Patient data were abstracted from hospital EMRs. This included age, sex, race, body mass index, type of residence, medical and social history, physical examination findings, laboratory findings, and severity of illness.
Community-acquired pneumonia (CAP) was defined as meeting the following three criteria: (1) presence of a new pulmonary infiltrate on chest radiograph and/or chest computed tomography scan at the time of hospitalization, defined by a board-certified radiologist’s reading; (2) at least one of the following: (a) new cough or increased cough or sputum production, (b) fever >37.8 °C (100.0 °F) or hypothermia, (c) white blood cell count of >11,000 cells/μL, left shift of >10% band forms/mL, or leukopenia (<4000 cells/μL); and (3) no alternative diagnosis at the time of hospital discharge that justified the presence of criteria 1 and 2.

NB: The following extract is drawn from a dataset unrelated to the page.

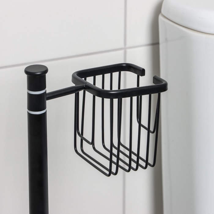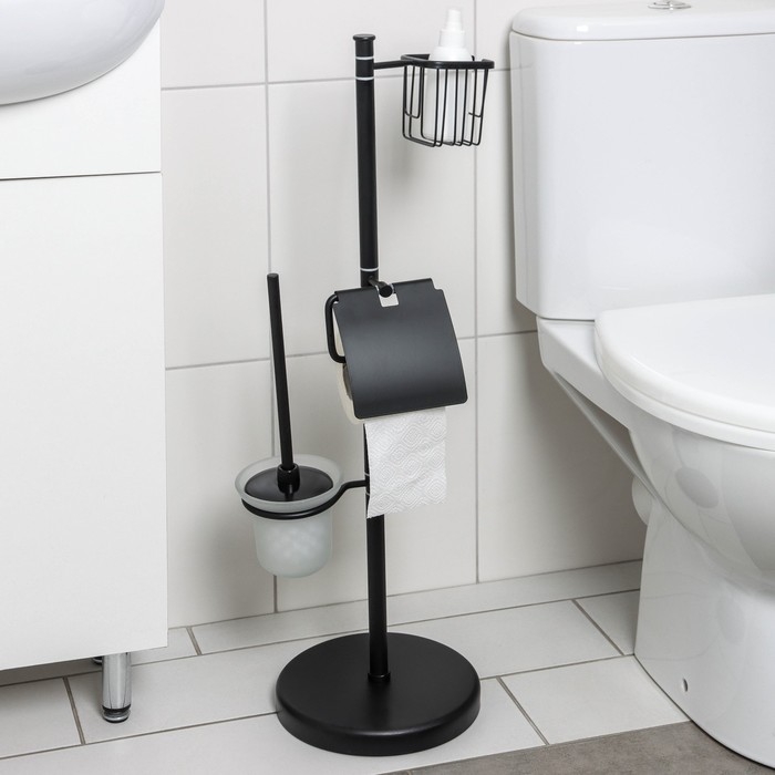 Стойка напольная с держателем для туалетной бумаги, освежителя и ершика, 80 см, цвет чёрный

The identification of serotypes 1, 2, 3, 4, 5, 6B, 7F, 8, 9N, 9V, 10A, 11A, 12F, 14, 15B, 17F, 18C, 19F, 19A, 20, 22F, 23F, and 33F was performed in all eligible patients using the UAD-2 assay [9]. Cases included patients who tested positive on the UAD-2 for any of the 23 serotypes found in the PPSV23 vaccine. Patients who tested negative for all of the 23 serotypes found in the PPSV23 vaccine were defined as test-negative controls.
The PPSV23 vaccination, and no other pneumococcal vaccination, was the primary exposure of interest. Patients were classified as PPSV23-vaccinated or non-vaccinated based on their PPSV23 vaccination history. Patients who received a PPSV23 vaccination within the prior 30 days, or more than five years prior to their CAP hospitalization were considered to be non-vaccinated. Vaccination status was confirmed by EMRs and/or primary health insurer.

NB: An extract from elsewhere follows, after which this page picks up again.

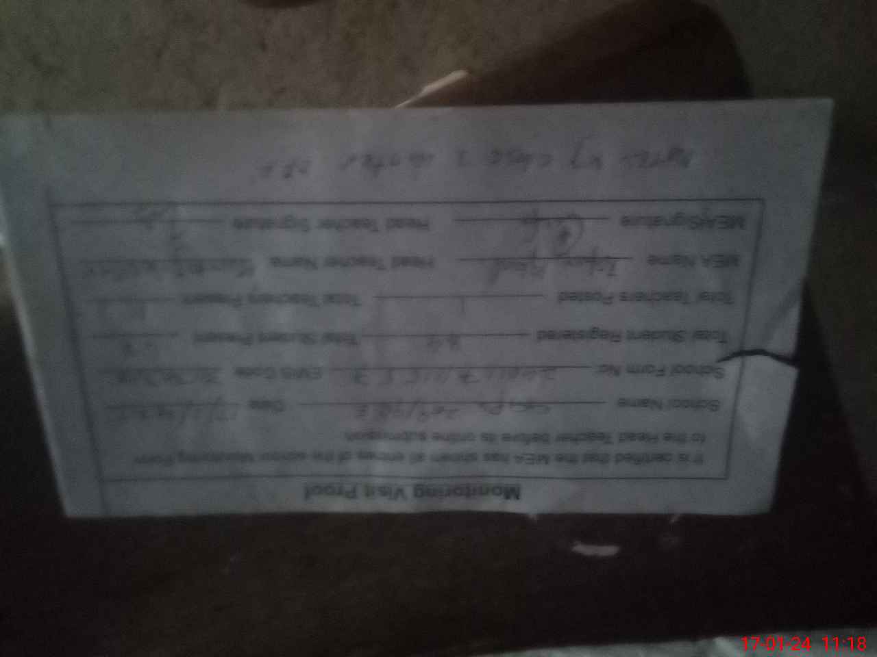 | Attendance Register | Head Teacher | MEA with School | Visit Proof |

Severity of illness was assessed using three different measures and included the following: (1) direct admission to the intensive care unit (ICU) on their first day of hospitalization; (2) Pneumonia Severity Index (PSI) risk classes IV or V [10]; and (3) a CURB-65 score of 4 or 5 [11].

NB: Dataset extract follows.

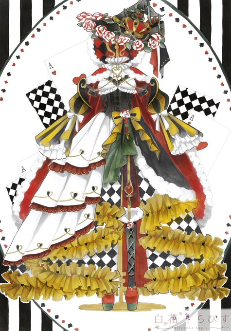 #コピック #小さな洋服店ナナイロリィタ 【Alice Witchシリーズ】 🌹Queen of Heart🌹 童話のアリス×魔女×ロリータがコンセプトです! 今回は「ハートの女王」がテーマ🌸華やかにデザインしてみました! 第1回目の「アリス」はリプ欄にあります🃏

Baseline characteristics were reported between PPSV23-vaccinated and non-vaccinated individuals, and between patients with PPSV23-serotype CAP and non-PPSV23-serotype CAP. Categorical variables were summarized as frequencies and percentages and compared using chi-squared tests of independence. Continuous variables were summarized as median and interquartile ranges (IQR) and compared using Mann–Whitney U-tests.
Vaccine effectiveness (VE) in the overall cohort was calculated as (1-OR) × 100 [12]. Adjusted estimates were obtained from a logistic regression model. Confounding variables included in this model were selected with a priori knowledge of risk factors associated with S. pneumoniae infection, underlying comorbidities, and immune status based on current vaccine recommendations [13]. These included age, diabetes, chronic obstructive pulmonary disease (COPD), congestive heart failure, and hyperlipidemia. Subgroup analyses were performed for the following patient groups: patients aged 65 and older, patients directly admitted to the ICU, patients admitted to the ward, patients in PSI risk classes IV–V, patients in PSI risk classes I–III, patients with a CURB-65 score of 4–5, and patients with a CURB-65 score of 0–3. A sensitivity analysis excluding patients who were PPSV23-vaccinated within the prior 30 days, or more than five years prior to their CAP hospitalization was also performed for the primary analysis. All analyses were performed in R version 4.1.1. p-values were two-sided with statistical significance set at p < 0.05.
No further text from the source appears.